22. Composición según cualquiera de las reivindicaciones 1-21, en la que dicha molécula portadora tiene un resto de unión a célula diana a través del que puede unirse a una célula diana y mediante lo cual el complejo puede entrar más rápidamente en la célula diana.

23. Composición según 22, en la que el resto de unión a célula diana es un anticuerpo o un fragmento de unión específico de un anticuerpo.

24. Composición según la reivindicación 23, en la que el anticuerpo se une específicamente a pIgR.

25. Composición según la reivindicación 23, en la que el anticuerpo se une específicamente a CD4 o gp120.

26. Composición según la reivindicación 22, en la que el resto de unión a célula diana es una lectina o un hidrato de carbono.

27. Composición según la reivindicación 26, en la que el resto de unión a célula diana es un hidrato de carbono seleccionado del grupo que consiste en galactosa, lactosa, manosa y manosa-6-fosfato.

28. Composición según la reivindicación 22, en la que el resto de unión a célula diana es un péptido o una proteína.

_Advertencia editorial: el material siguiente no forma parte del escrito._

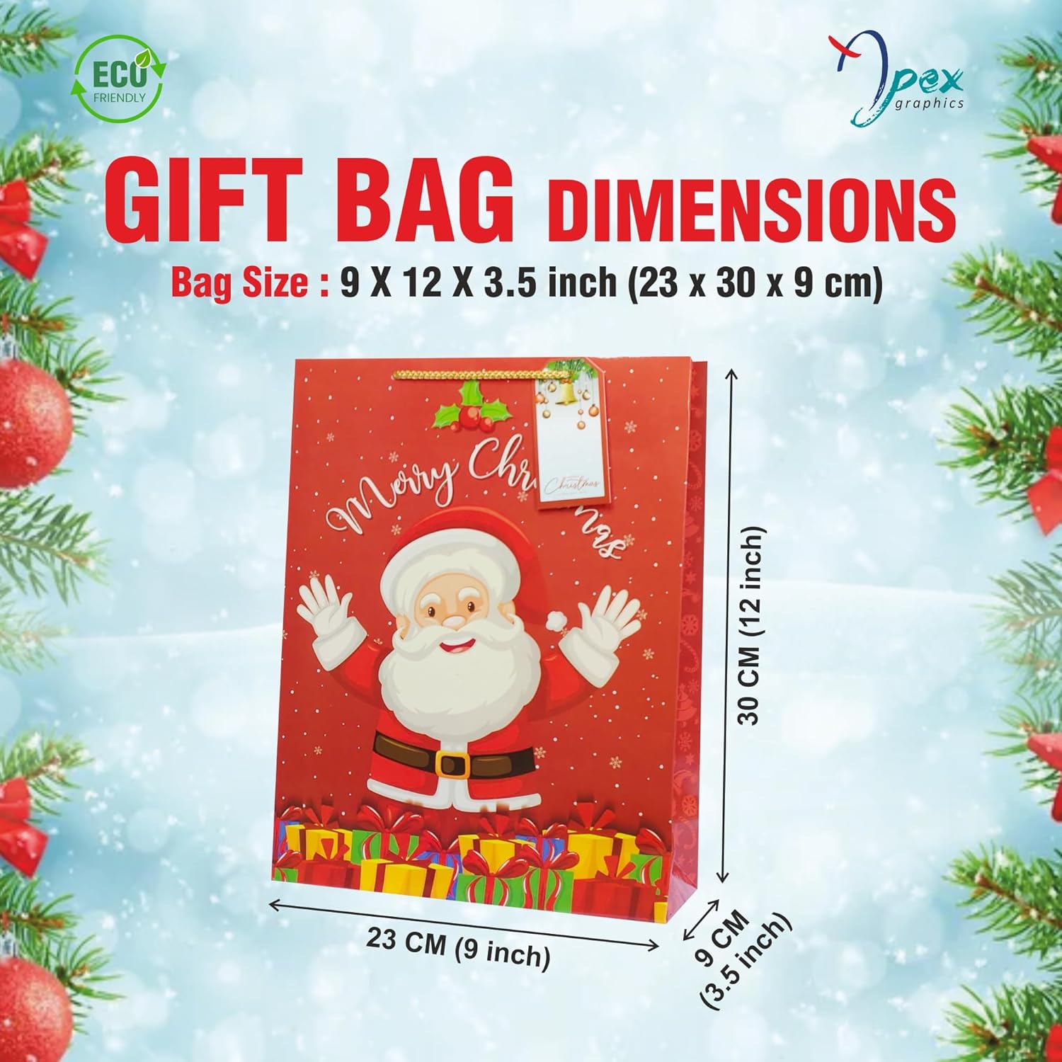 Celebrate the joy of gifting this season with Apex Graphics Christmas Paper Bags the perfect way to wrap your presents in style! These Medium Size Gift Bags (Pack of 10) are beautifully designed with a Santa Claus theme, making them ideal for Christmas celebrations, parties, and festive gifting. Each Christmas Gift Bag is crafted from premium-quality, durable paper that ensures strength and reliability. With dimensions of 23 x 30 x 9 cm (9 x 12 x 3.5 inch), these Medium Size Paper Bags offer plenty of space for chocolates, candles, toys, or return gifts. π Elegant & Festive Design Featuring charming **Christmas prints** and cheerful holiday colors, these **Paper Bags for Gifting** bring warmth and joy to every celebration. The strong golden rope handles make them easy to carry, while the glossy finish adds a premium touch that enhances your gift presentation. β¨ Perfect for Every Occasion Whether youβre packing return gifts for kids, giving festive treats, or sending corporate presents, these Carry Bags for Gifting make every moment special. Theyβre also great for Paper Bags for Return Gift ideas at Christmas parties, office events, or family celebrations. Add festive cheer to your gifts this holiday season with Apex Graphics Christmas Gift Bags a perfect blend of beauty, quality, and convenience.

29. Composición según la reivindicación 28, en la que el resto de unión a célula diana se selecciona del grupo que consiste en insulina, factor de crecimiento epidérmico, factor de necrosis tumoral, prolactina, gonadotropina coriónica, hormona foliculoestimulante, hormona luteinizante, glucagón, lactoferrina, transferrina, apolipoproteína E, gp120 y albúmina.

30. Composición según cualquiera de las reivindicaciones 22-29, en la que el resto de unión a ácido nucleico está unido covalentemente al resto de unión a célula diana.

31. Composición según cualquiera de las reivindicaciones 1-30, en la que el ácido nucleico está encapsulado en un liposoma.

32. Composición según cualquiera de las reivindicaciones 1-31, para su uso como medicamento.